Dieser brutale Krieg in Syrien, der bereits seit nunmehr sechs Jahren die Bevölkerung belastet, Hundertausende Menschen fliehen ließ, an die 470.000 Todesopfer forderte, mitten im Herzen des Nahen Ostens, an dem sehr viele Nationen beteiligt sind, etliche Terrorgruppen instrumentalisiert werden, den gewählten Präsidenten Baschar al-Assad zu stürzen oder zu ermorden, scheint keinem Ende entgegenzublicken.
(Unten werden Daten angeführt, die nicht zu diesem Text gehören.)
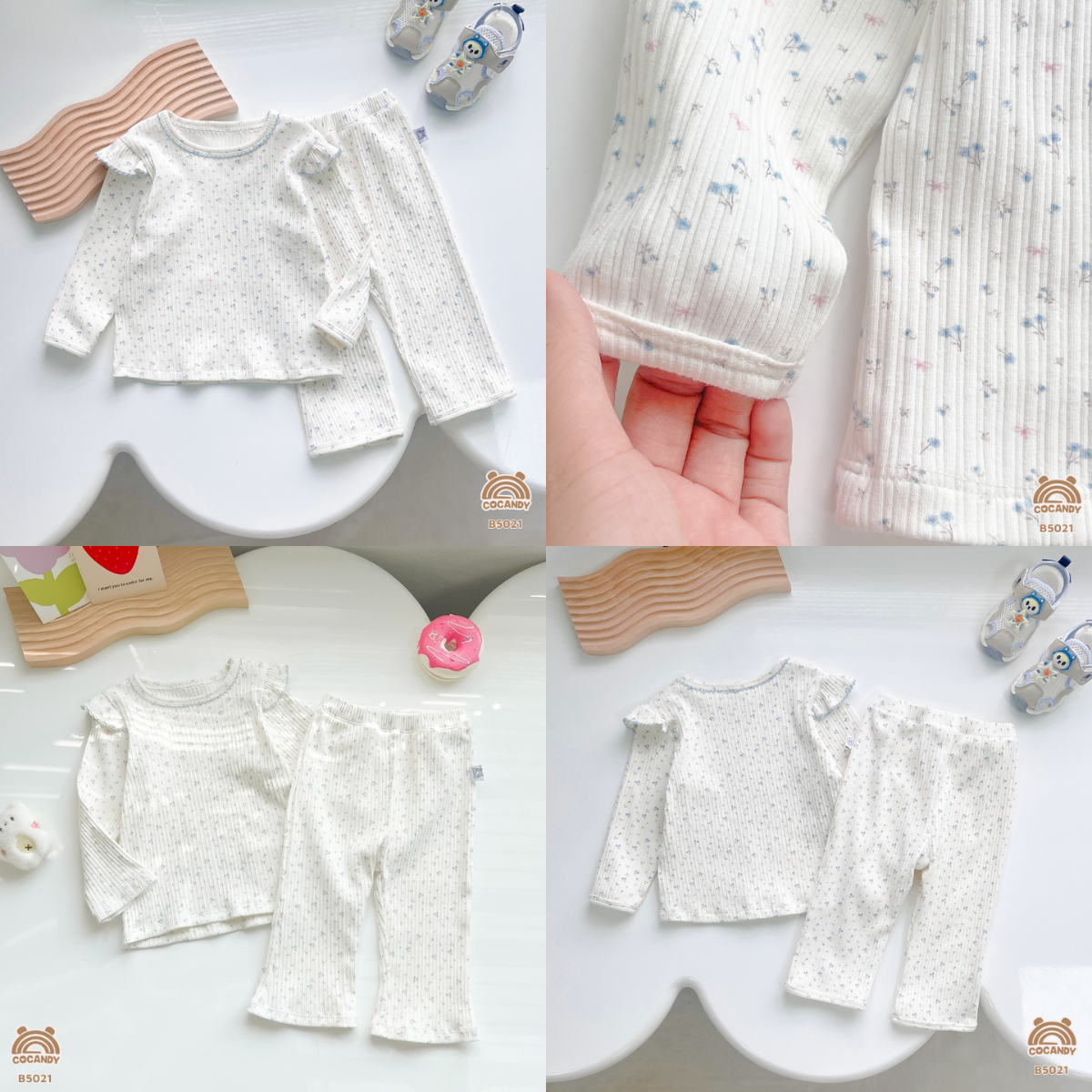 Chất liệu :- Bộ dài XANH hoa nhí B5021 chất liệu cotton dệt gân mềm mại, co giãn 4 chiều cùng họa tiết hoa nhí đáng yêu phù hợp mặc tiết thu đông. Thiết kế vai áo có nhún bèo tạo điểm nhấn, ống quần loe nhẹ siêu điệu đà cho bé gái

Ganz im Gegenteil, der Giftgasangriff in Idlib rechtfertigt den US-Westen zur Eskalation, eine erneut vorschnelle Anschuldigung gen Assad erfolgte, auch die FAZ ergreift einfach Partei, anstatt erst mal abzuwarten. Erinnerungen an die Giftgasangriffe von Ghuta vom 21. August 2013 werden wach, die USA und deren Verbündeten reagierten damals ebenso viel zu überstürzt, obwohl bisher keinerlei Beweise sich einfanden, die Führung in Damaskus zu beschuldigen.

Ein Stellvertreterkrieg ohnegleichen

Der jederzeit die beiden Supermächte aneinandergeraten lassen kann. Bereits zu Beginn, wir sollten nicht die eigentlichen Beweggründe außer acht lassen, formulierte schon ein Peter Scholl-Latour sehr treffsicher, daß die Saudis und die Türken händereibend dem Iran den Weg zum Mittelmehr abschneiden, während die USA als üblicher Verbündeter genauso profitieren würden.

Im Dezember 2015 fühlte sich die Bundeswehr berufen, auf internationaler Ebene mitzumischen, ein heftiger Appell konnte die Bundesregierung nicht stoppen, immerhin fühlt man sich doch den USA gegenüber verpflichtet, das perfide Kriegstreiben hatte nur beim Irak-Krieg durch Gerhard Schröder eine Unterbrechung, obwohl 1999 im Jogoslawienkrieg der Nato-Bündnisfall seitens der BRD einfach erfolgte.

Das Dilemma einer selbstgerechten Welt, die man mal soeben in gut und böse einteilt, setzt sich beim Syrien-Krieg fort. Gerade der bewußt inszenierte neue Kalte Krieg dient perfekt, das Russland-Feindbild wieder zu schüren. Eine brandgefährliche Situation, die den Weltfrieden mehr denn je gefährdet.

Michael Lüders bringt es auf den Punkt – Trumps hektischer Vergeltungsschlag

Was schon ohnehin etliche kritisch denkende Zeitgenossen vermuteten. Der US-Westen reagiert mal wieder befremdlich einseitig, wie der Politik- und Islamwissenschaftler und Publizist Michael Lüders in der Talkshow von Markus Lanz anmerkt, jeder Seite seien Giftgaseinsätze zuzutrauen.

Wer bisherig geglaubt hat, Donald Trump würde mit Wladimir Putin Bruderschaft trinken, wird schnell eines Besseren belehrt, wenn schon die ansonsten verschmähte Propaganda-Plattform Sputnik berichtet und die Frage in der Raum stellt, ob Trump Assad den Krieg erkläre. Dabei werden bereits verschiedene Reaktionen vorgestellt, wie der neue US-Präsident entscheiden könnte.

Eine Option trat inszwischen ein: Ein Zerstörer der USA feuerte Tomahawk-Marschflugkörper auf die Luftwaffenbasis Schairat, was Trump als einen gezielten Vergeltungsschlag bezeichnet. Im Gegensatz zu Barack Obama zeichnet sich dieser neue Präsident als hektischer Kriegstreiber aus, der eben nicht abwartet, bis die Schuld des Giftgasangriffs geklärte wurde. Dies läßt ziemlich tief blicken.